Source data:
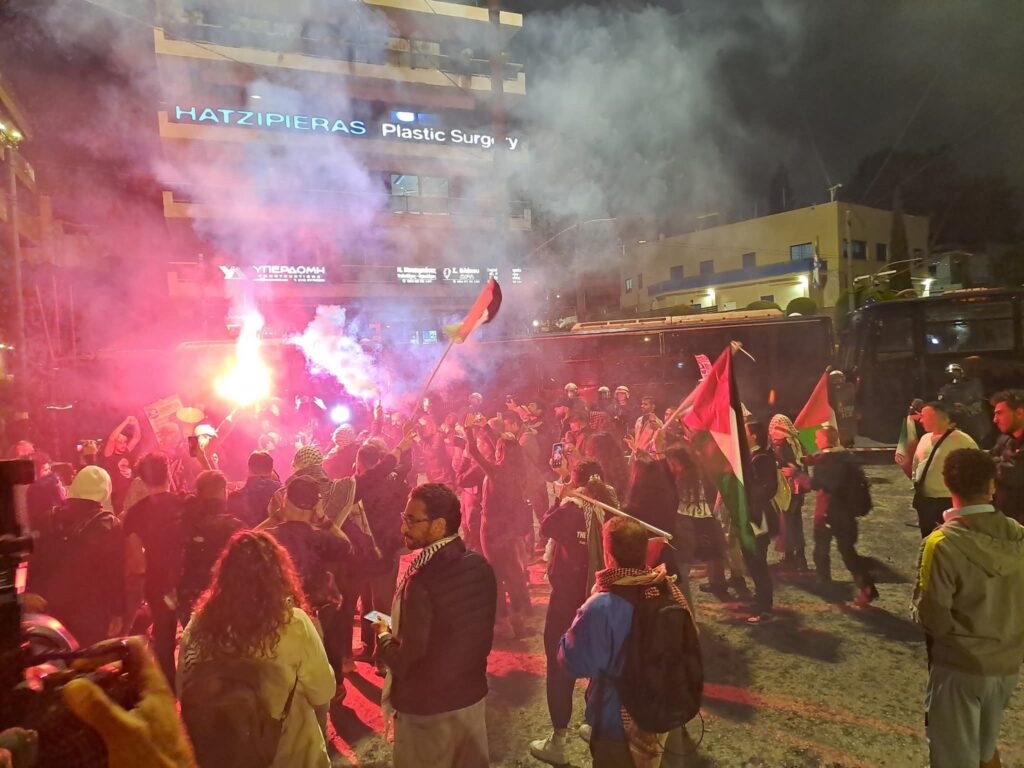 Με τη βία των ΜΑΤ, δημιουργώντας “ατμόσφαιρα” Γάζας με βόμβες κροτου- λάμψης, δακρυγόνα και γκλοπς, επιτέθηκαν στους διαδηλωτές την ώρα που αποχωρούσαν από την σιωνιστική πρεσβεία.
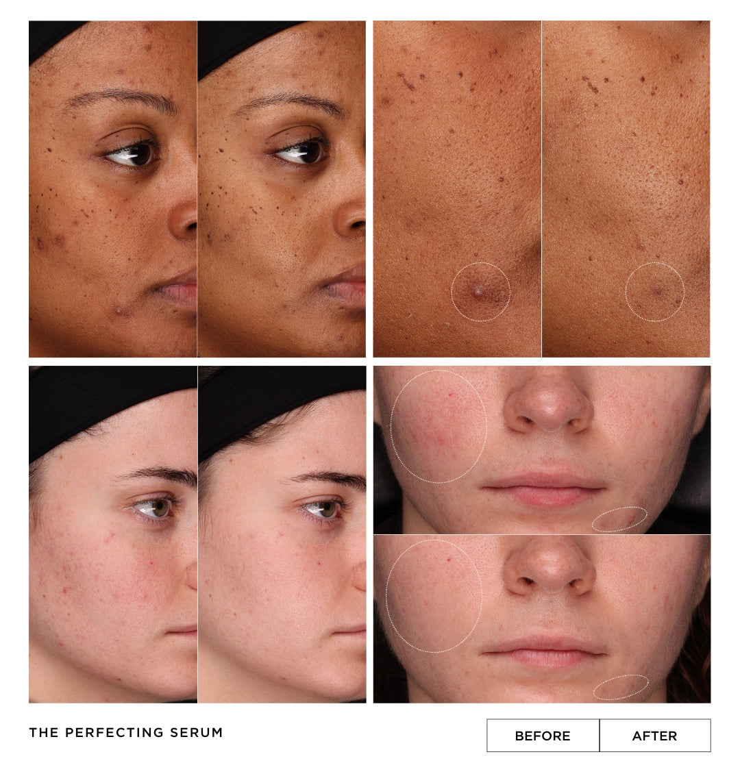We know you'll love the transformative power of THE PERFECTING SERUM. For a limited time, we're offering a 30 day, money-back guarantee. Over 4 weeks, experience the magic of the serum for yourself...fewer breakouts, a smoother texture, and a brighter glow while your dark spots begin to fade!
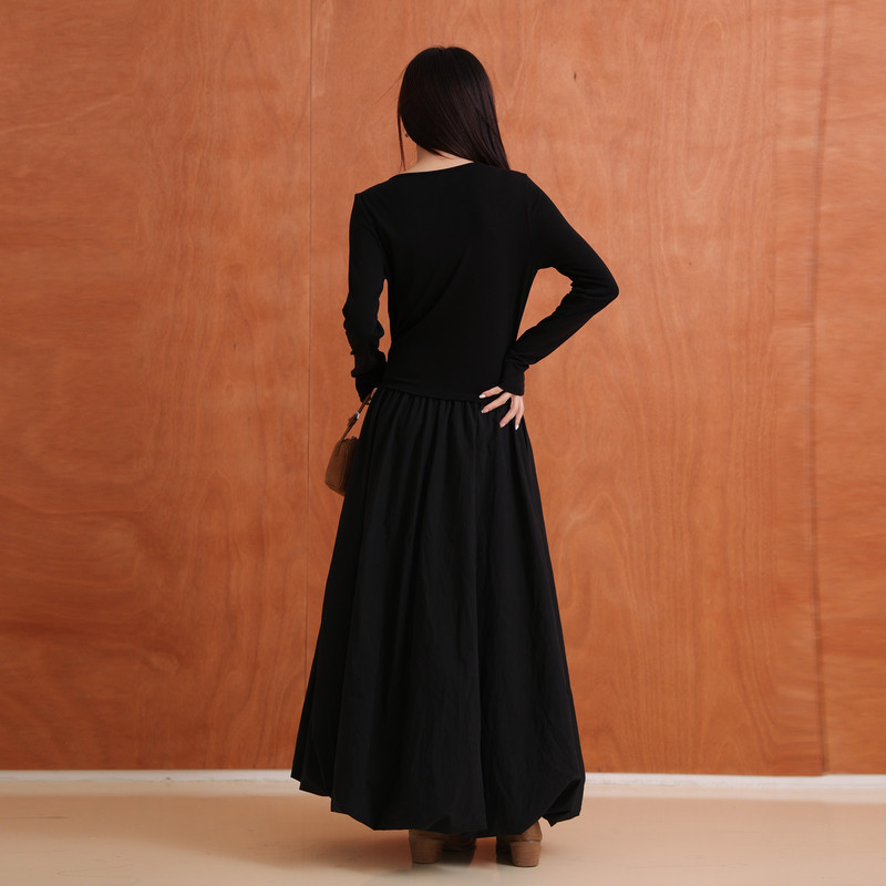 COCOBELLA简约气质黑色收腰极简风连衣裙女优雅短袖长裙FR3033-2
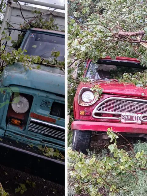 La fuerte tormenta del lunes por la tarde sigue mostrando su impacto. Un árbol de gran tamaño cayó sobre un Rastrojero y un camión Chevrolet C-60 en la calle Tulio Angrimán.
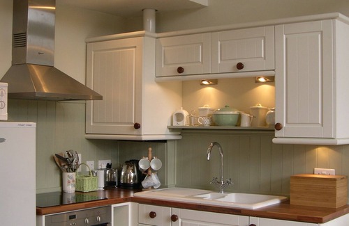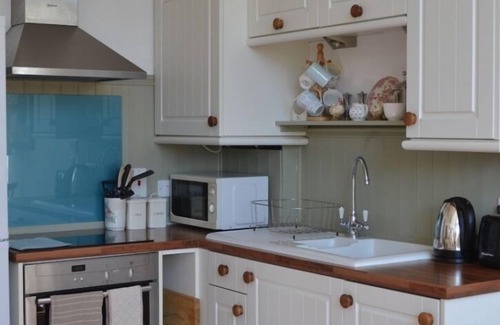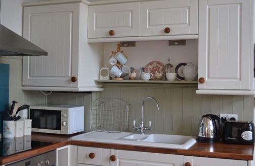 With tasteful, comfortable furnishings and plenty of character, The White Barn provides ground floor accommodation: open plan sitting/ dining/ kitchen area, bedroom with ensuite bathroom, French doors to patio garden. Newly refurbished, it is in excellent condition with new, up-to-date equipment and utensils, including dishwasher and washer dryer, smart TV and DVD player and wi-fi internet access. The bedroom has a high quality, comfortable new bed and mattress, and the ensuite bathroom is completely tiled with new modern fittings, including bath, thermostatic power shower and heated towel rail. A travel cot or ready bed can be provided for small children or babies.
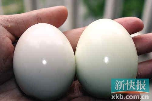 剥开煮熟后的鸡蛋,蛋白的颜色明显不一样。问题蛋呈灰白色,而普通蛋是带有光泽的奶白色。
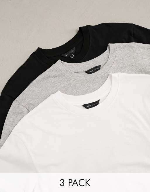 New Look – 3er-Pack T-Shirts in Schwarz, Weiß und Grau mit kastigem Schnitt
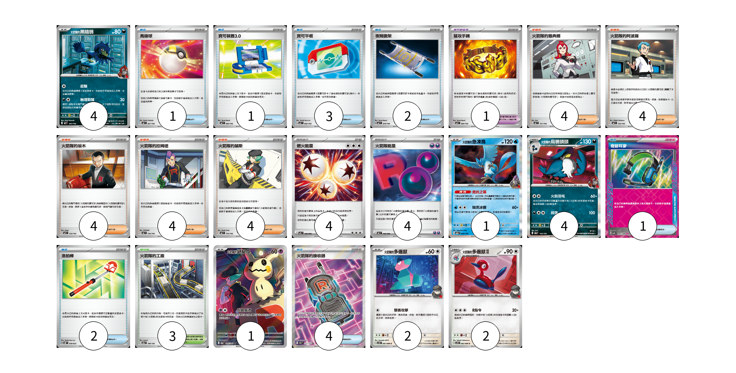 牌組構築方案 以此牌組為基礎新構築牌組 顯示卡面 顯示列表 寶可夢卡(14) 4 1 4 1 2 2 寶可夢道具(1) 1 物品卡(14) 1 1 3 2 1 2 4 支援者卡(20) 4 4 4 4 4 競技場卡(3) 3 能量卡(8) 4 4 寶可夢卡(14) 卡牌名稱 張數 卡牌名稱 張數 <火箭隊的>黑暗鴉 MC 447/742 04 <火箭隊的>急凍鳥 M2a 034/193 01 火箭隊的烏鴉頭頭 M2a 103/193 04 <火箭隊的>謎擬Q M2a 205/193 01 <火箭隊的>多邊獸 SV10 081/098 02 <火箭隊的>多邊獸Ⅱ SV10 082/098 02 寶可夢道具(1) 卡牌名稱 張數 卡牌名稱 張數 猛攻手鐲 MC 689/742 01 物品卡(14) 卡牌名稱 張數 卡牌名稱 張數 高級球 MC 651/742 01 寶可裝置3.0 MC 660/742 01 寶可平板 MC 662/742 03 夜間擔架 MC 670/742 02 奇跡耳麥 SV8 097/106 01 洛拍棒 SVQP 018/023 02 火箭隊的接收器 M2a 217/193 04 支援者卡(20) 卡牌名稱 張數 卡牌名稱 張數 火箭隊的雅典娜 MC 731/742 04 火箭隊的阿波羅 MC 732/742 04 火箭隊的坂木 MC 733/742 04 火箭隊的拉姆達 MC 734/742 04 火箭隊的蘭斯 MC 735/742 04 競技場卡(3) 卡牌名稱 張數 卡牌名稱 張數 火箭隊的工廠 M2a 190/193 03 能量卡(8) 卡牌名稱 張數 卡牌名稱 張數 燃火能量 MC 736/742 04 火箭隊能量 MC 742/742 04 以此牌組為基礎新構築牌組 牌組編碼 urDdam-PuZHYx-EagGRJ copy 列印牌組單 牌組編碼已複製 分享至SNS
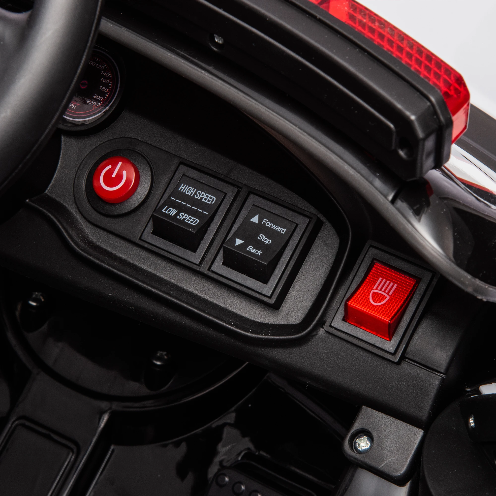 The Audi R8 Mini's multimedia console features a USB port, Aux In, integrated music, start-up engine sounds, working horn, and steering controls.
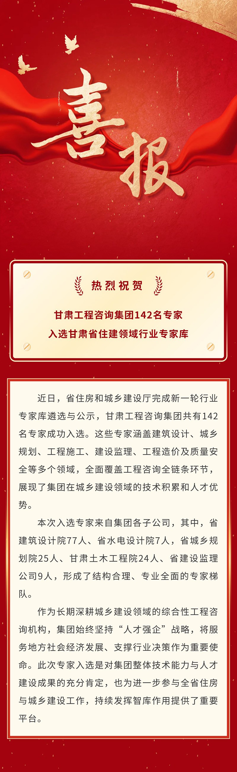 喜報 | 甘肅工程咨詢集團142名專家入選甘肅省住建領(lǐng)域行業(yè)專家?guī)?/span>
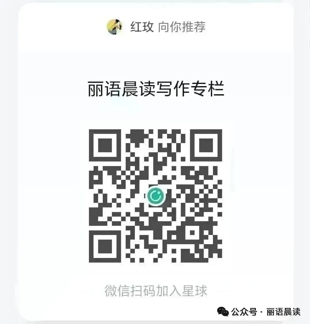 丽语写作专栏包括五个主题:高考作文模板、跟着满分作文学写作、时鲜写作素材(包含高考满分作文)、模拟试题优秀作文、高考写作技巧。丽语晨读的内容不断更新,以上内容涵盖在丽语晨读文件中。丽语晨读早自习内容是丽语晨读独家研发的包含跟着时评学写作+重点实词+必背篇目挖空精读+文言虚词知识+高考优秀作文拆解写作技巧+热点写作素材,内容很多,在星球不断更新,有问题可以留言,会有老师回复。欢迎来小语的知识星球一起学习!
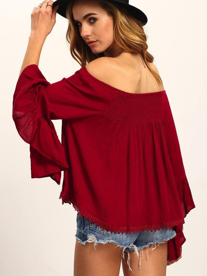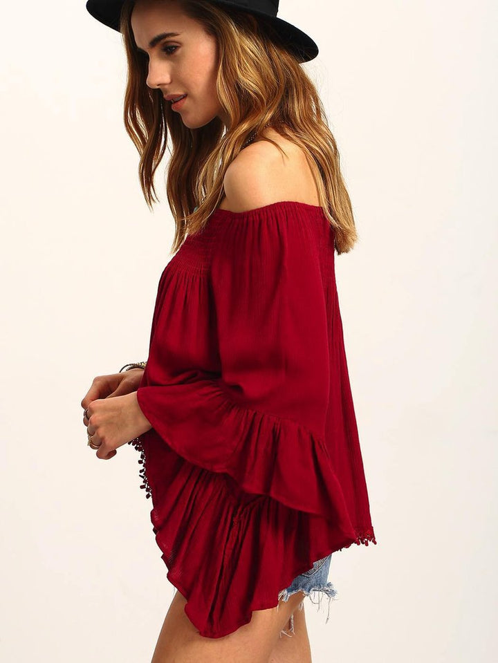 Top rosso maniche a campana
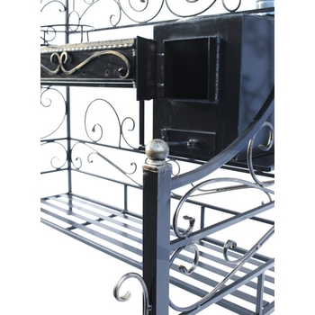 Дополнительная информация: оборудован крышей, можно жарить шашлык в дождь. Долгий срок службы обеспечивает решетка на дне топки и ребра жесткости, встроенные по периметру мангала. Мангал изготовлен из качественной стали марки СТ-3. В стенках топки имеются отверстия, которые обеспечивают естественный поддув. Толщина стенок топки 3 мм, дно 3 мм. Толщина стенок печки для казана 3 мм. Решетка на дне продлевает срок службы топки в несколько раз. Топку можно снять, её легко чистить, перемещать или заменять.

### [About this exercise]
If a picture appears among the records, leave it out, and otherwise reproduce exactly every line from the first line through the one with "We know you'll", both included.

### [Answer box]
 Με τη βία των ΜΑΤ, δημιουργώντας “ατμόσφαιρα” Γάζας με βόμβες κροτου- λάμψης, δακρυγόνα και γκλοπς, επιτέθηκαν στους διαδηλωτές την ώρα που αποχωρούσαν από την σιωνιστική πρεσβεία.
We know you'll love the transformative power of THE PERFECTING SERUM. For a limited time, we're offering a 30 day, money-back guarantee. Over 4 weeks, experience the magic of the serum for yourself...fewer breakouts, a smoother texture, and a brighter glow while your dark spots begin to fade!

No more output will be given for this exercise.